Healtheon Corporation
- Founded: 1996; 30 years ago
- Founder: James H. Clark Pavan Nigam
- Defunct: 1999; 27 years ago
- Fate: Acquired by WebMD
- Headquarters: Santa Clara, California, United States

= Healtheon =

Former American healthcare technology company

Healtheon was an American dot-com company founded by James H. Clark and Pavan Nigam. The company's mission was to "use the power of computing and the Internet to revolutionize the healthcare industry, stripping away its inefficiencies and inequities and streamlining it for the new millennium."

In 1999, the company was acquired by WebMD.

==History==
In mid-1995, James H. Clark, the founder of Netscape, came up with the idea to modernize technology in the health care industry. He founded Healthscape in early 1996 with funding from Kleiner Perkins Caufield & Byers. To avoid confusion with Netscape, the company changed its name to Healtheon.

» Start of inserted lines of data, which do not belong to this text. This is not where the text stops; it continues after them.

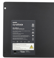
DRC-GRMS-UL General Room Relay Controller
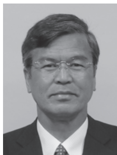
渡辺 宣之 (公明党)
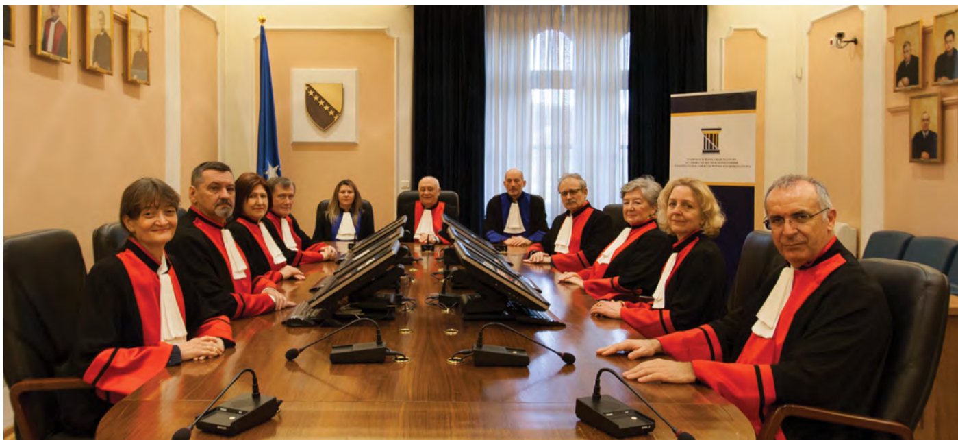
Суткиње, судије, генерални секретар и регистар Уставног суда у сали за вијећање Judges, Secretary General and Registrar of the Constitutional Court in the Deliberation Room

скупштине, једна четвртина чланова било ког вијећа Парламентарне скупштине или једна четвртина било ког законодавног вијећа неког ентитета.
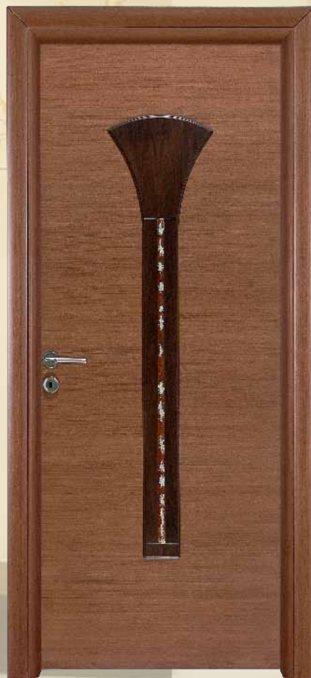
343 ανιγκρέ τεχνιτό / χρώμα 106
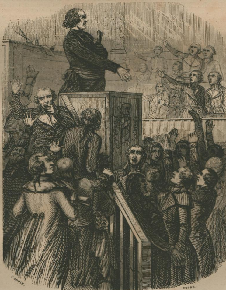
Proclamation de la République. Page 4.

Nos soixante dernières années composent en quelque sorte six grands siècles historiques, six phases importantes. — D'abord l'orage révolutionnaire s'amoncelle, il s'avance grondant, et éclate. puis la réaction triomphe, l'immoralité domine la société; ce fut comme une tentative de retour vers les voluptés faciles du règne de Louis XV; tout à coup le génie de l'ordre s'élève au-dessus des souvenirs de destruction de 1793, des galanteries du Directoire; — le Consulat et l'Empire — quatorze années de gloire, de succès inouis, de déplorables revers; la liberté se voile, étouffée sous des monceaux de lauriers, l'Empire croule, le principe d'hérédité absolue, protégé par nos défaites, apparaît comme un fantôme aux
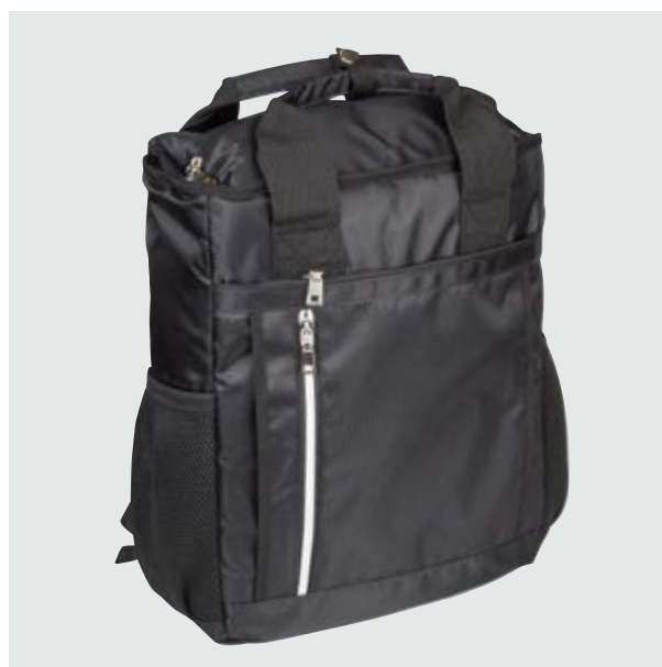
MAL 113 Lonchera Hamilton
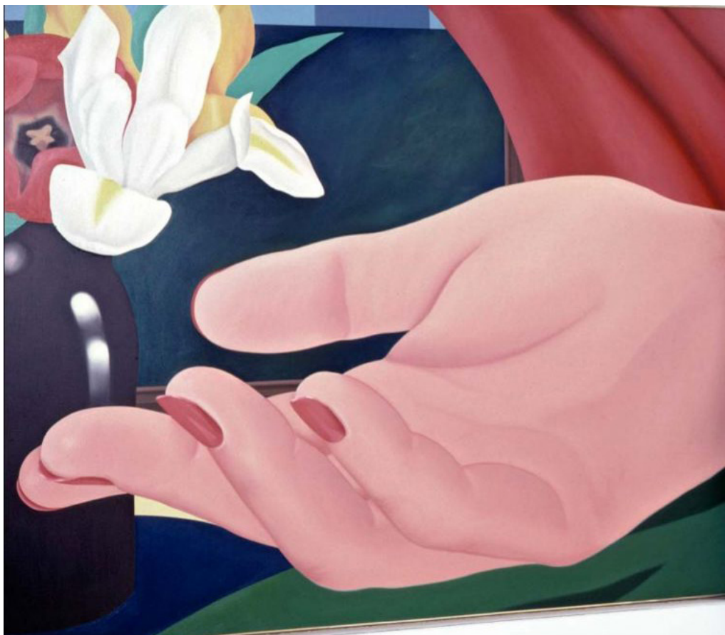
Vue de l'exposition (détail), Sidney Janis Gallery, New York, 1983

D'autres œuvres historiques de Tom Wesselmann sont réunies. Des peintures des années 1960 témoignent du rôle majeur joué par l'artiste au sein du mouvement pop art américain. Le traitement classique du nu, du paysage et de la nature morte s'opposent aux principes de l'expressionnisme abstrait. Le tableau intitulé Smoker #3 (Mouth #17) montre en gros plan une bouche aux lèvres rouges et charnues tenant une cigarette allumée. Un motif typique de Tom Wesselmann, où s'affirment des courbes sensuelles et des couleurs éclatantes. Des assemblages associent objets usuels et prospectus publicitaires pour créer de saisissantes visions.

The company's first big idea was to develop a system for linking insurers and human resources departments. However, the idea failed since insurers dismissed it as too expensive and human resource departments were not interested.

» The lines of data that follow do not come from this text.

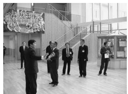
東通中学校（校舎玄関ホール）
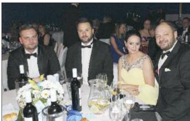
Pozvanie na Dúbravský fašiangový ples prijal aj primátor Matúš Vallo.
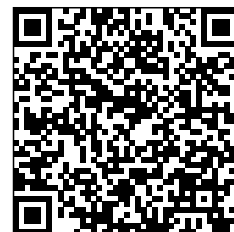
Photo non contractuelle
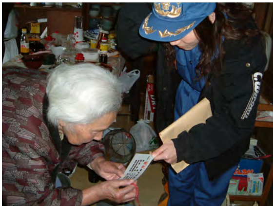
一人暮らし老人宅の防火予防査察

特に印象に残る活動としては、平成18年11月に東与賀町総合防災訓練の避難訓練、地震体験訓練、消火器取扱訓練、煙体験訓練、救命救急講習訓練、災害救助訓練に参加しました。特に女性部として炊き出し訓練、非常食配給を婦人会と合同で日赤佐賀県支部の指導により実施しました。
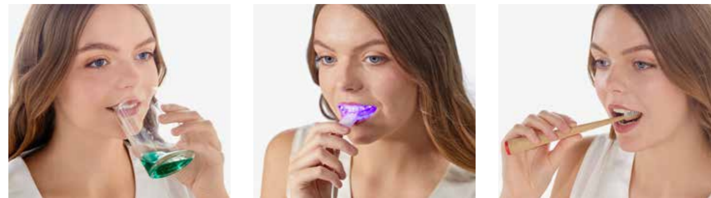
Abb. 3: Einfache Anwendung in 3 Schritten: 1) Mit Lumoralrinse spülen 2) Licht applizieren 3) Wie gewohnt Zähne putzen.

Die 56-jährige Patientin stellte sich mit generalisierter chronischer Gingivitis vor. Mehr als 30 % der Parodontien wiesen entzündliche Veränderungen mit Schwellung, Rötung und Blutung auf bei einem API von 14%, einem SBI von 41% und einem BOP von 56 %. An keiner der 162 Messstellen waren Sondierungsgrade über 4mm messbar. Die Therapieplanung umfasste deshalb ein intensives Mundhygiene-Coaching, die Einleitung von dentalen Hygienephase (Aufklärung,
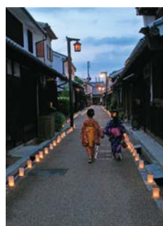
竹内街道・横大路の様子 H27年度フォトコンテスト入選作品「夕刻のひとこま」撮影場所:奈良県橿原市今井町

ウォーキングガイドツアーの動画配信やデジタルスタンプラリーなど、竹内街道・横大路の魅力を満喫できるプログラムをオンラインで開催します。
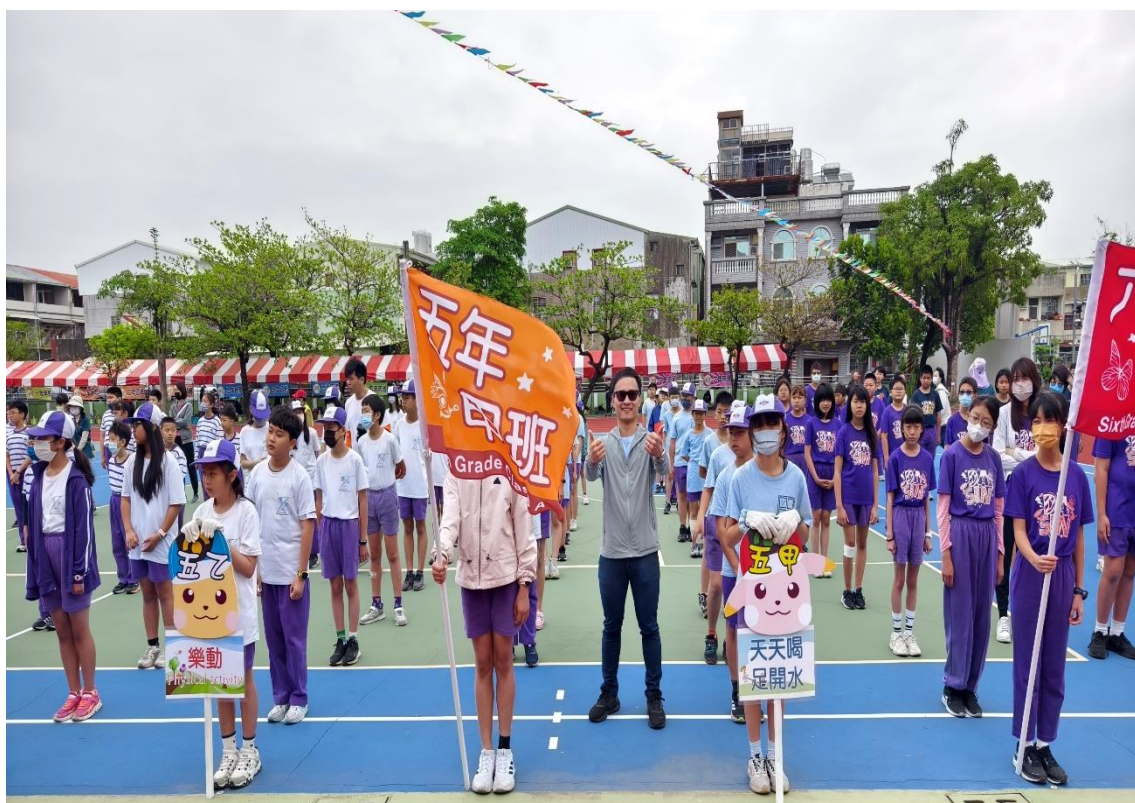
校慶運動會-全體師生共同響應並倡導-『五正四樂』
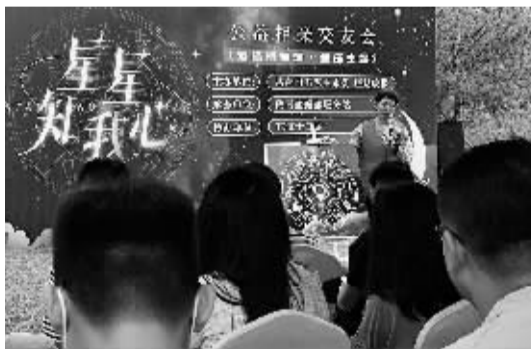
■晚报红娘为大家进行“星星知我心”主题讲座。

“青年婚恋观念改变、工作压力大、生活节奏快、社交圈子窄等是现在引发单身青年婚恋问题的重要原因。”共青团石家庄市委负责组织此次活动的负责人介绍，针对青年在婚恋交友方面的“急难愁盼”，团市委正充分发挥共青团的组织优势，带动各级团组织举办多场交友活动，努力为青年提供展现自我、交流情感、结交挚友的平台。
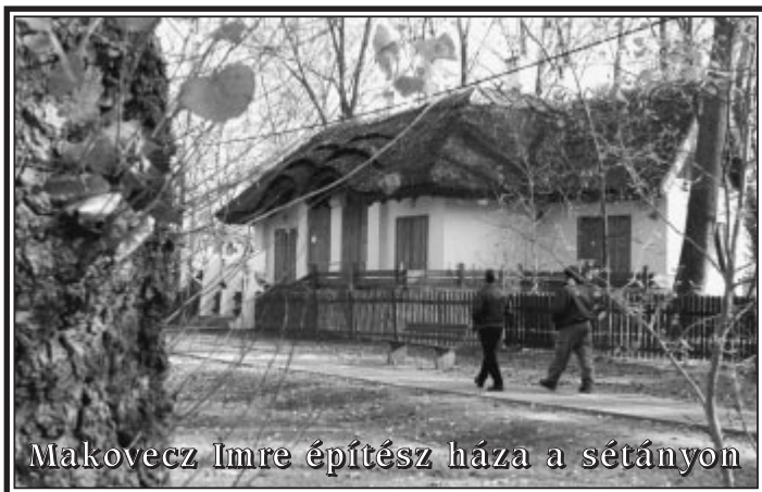
Makovecz Imre építész háza a sétányon
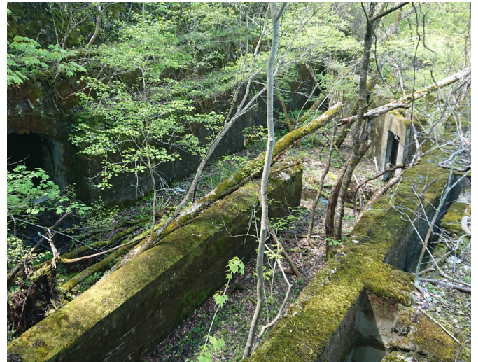
▲発電所跡のコンクリート製の構造物

*カーバイド carbide …炭化物の総称。特に炭化カルシウム(calcium carbide)の略称として用いられる。カーバイトとも。

In 1997, Mike Long became chief executive officer of the company. Five months later, the company formed a research and development partnership with Brown & Toland, a network of 1,600 physicians in San Francisco.

in February 1998, the company announced the acquisition of ActaMed, a medical-records clearinghouse for doctors and insurers, for $150 million, which gave the company a source of revenue.

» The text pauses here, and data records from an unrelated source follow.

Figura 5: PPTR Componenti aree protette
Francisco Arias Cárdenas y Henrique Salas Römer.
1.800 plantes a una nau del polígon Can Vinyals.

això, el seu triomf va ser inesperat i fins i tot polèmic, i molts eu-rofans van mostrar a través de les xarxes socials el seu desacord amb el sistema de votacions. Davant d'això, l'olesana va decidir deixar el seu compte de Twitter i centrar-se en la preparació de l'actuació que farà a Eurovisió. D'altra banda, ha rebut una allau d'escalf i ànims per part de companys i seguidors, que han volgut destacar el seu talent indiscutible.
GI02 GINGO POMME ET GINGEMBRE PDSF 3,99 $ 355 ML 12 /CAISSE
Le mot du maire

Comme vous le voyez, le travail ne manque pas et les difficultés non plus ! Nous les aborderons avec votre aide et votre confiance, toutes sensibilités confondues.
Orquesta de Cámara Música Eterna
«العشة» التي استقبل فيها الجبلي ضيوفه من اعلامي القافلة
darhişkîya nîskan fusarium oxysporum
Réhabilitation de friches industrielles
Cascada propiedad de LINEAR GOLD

In August 1998, the company filed for an initial public offering, but the offering was cancelled in October 1998, after stock prices dropped due to the 1998 Russian financial crisis.

In February 1999, the company completed its IPO and became a public company and the stock price rose 400% on its first day of trading.

On April 21, 1999, the company announced the acquisition of MedE America for $478 million in stock.

On May 20, 1999, the company announced a merger with WebMD.